Organization
Di cosa parla
- Organizational Structure & Challenges: Specialization is beneficial but creates demands for cooperation (addressing the Agency Problem of goal misalignment) and coordination (managing interdependencies). The core challenge is designing systems that enable specialization while aligning goals and facilitating integration.
- Organizational Archetypes:
- Mechanistic: Highly specialized, hierarchical, vertical communication, suited for stable markets and mass production.
- Organic: Dynamic, flexible, fewer hierarchy levels, relies on mutual adjustment, ideal for innovation in dynamic, tech-driven markets.
- Hierarchy Design: Dictates the flow and intensity of coordination. Strategic shifts often require structural changes to realign coordination priorities.
- Parent Company Value Creation (4 Influences):
- Stand-alone: Parent guides BUs independently, providing resources and setting financial targets based on portfolio strategy.
- Linkage: Promotes and enforces connections between BUs to share best practices and foster collaboration for synergies.
- Central Functions & Services: Centralizes specific functions (e.g., purchasing) to achieve economies of scale across the group.
- Corporate Development: Parent actively engages in decision-making and business development, utilizing its technical and industry-specific expertise.
- Control Systems (3 Types): Must be coherent with the value creation logic.
- Control on Results: Focuses on financial outcomes, effective in stable environments.
- Control on Behavior: Parent influences processes and strategies, judging manager actions, crucial for interdependent BUs or unstable markets.
- Control on Clans: Informal networks and shared culture align managers' behaviors, solving agency problems in settings like family businesses.
- Organizational Design Evolution: Companies typically evolve from simple to increasingly complex structures (functional, multidivisional, matrix, network) as they grow, indicating growing coordination and control complexities.
- International Strategies:
- Multi-domestic: Adapts products/strategies to distinct local consumer preferences; decentralized.

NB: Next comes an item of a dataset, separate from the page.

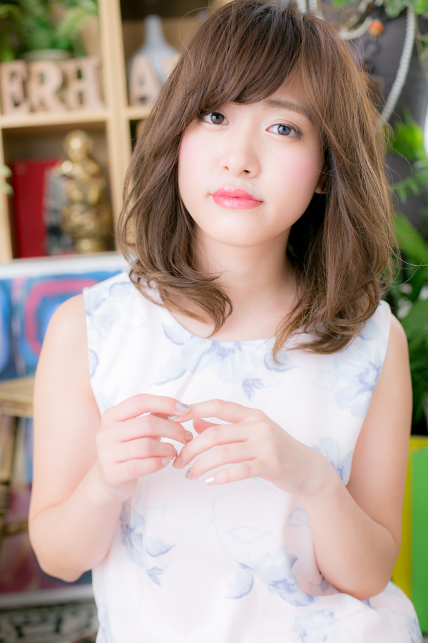 くせ毛風のニュアンスカールがラフかわいい☆リラクシーなナチュラルミディ。ベージュカラーやミルクティカラーで顔周りを明るくするのがGOOD。ノームコアなスタイルからイメチェンしたい方や伸ばしかけの方にオススメ!

- Global: Standardizes products and centralizes strategy in the home office for economies of scale.
- Transnational: Aims to balance global efficiency with local responsiveness, using specialized centers and local hubs for development.
- Resource Transfer Mechanisms: Essential for leveraging resources and achieving synergies.
- Mandatory (Corporate Level): Manual of processes (BUs must adopt standard procedures).
- Promoted (Corporate Level): Crown Jewels (BUs naturally utilize highly valuable corporate resources) and Competence Centers (BUs seek expert advice from corporate).
- Mandatory (Business Unit Level): Best Practices Transfer (corporate mandates adoption of proven practices).
- Promoted (Business Unit Level): Best Practice Informal Sharing (encourages knowledge exchange, e.g., through job rotation).
- Coordination Levels: Span from highly formalized (e.g., centralized decision-making, defined behaviors) to less formal (e.g., responsibility allocation, internal consultancy, information flow, task forces, and informal networks) to ensure coherent activities across business units.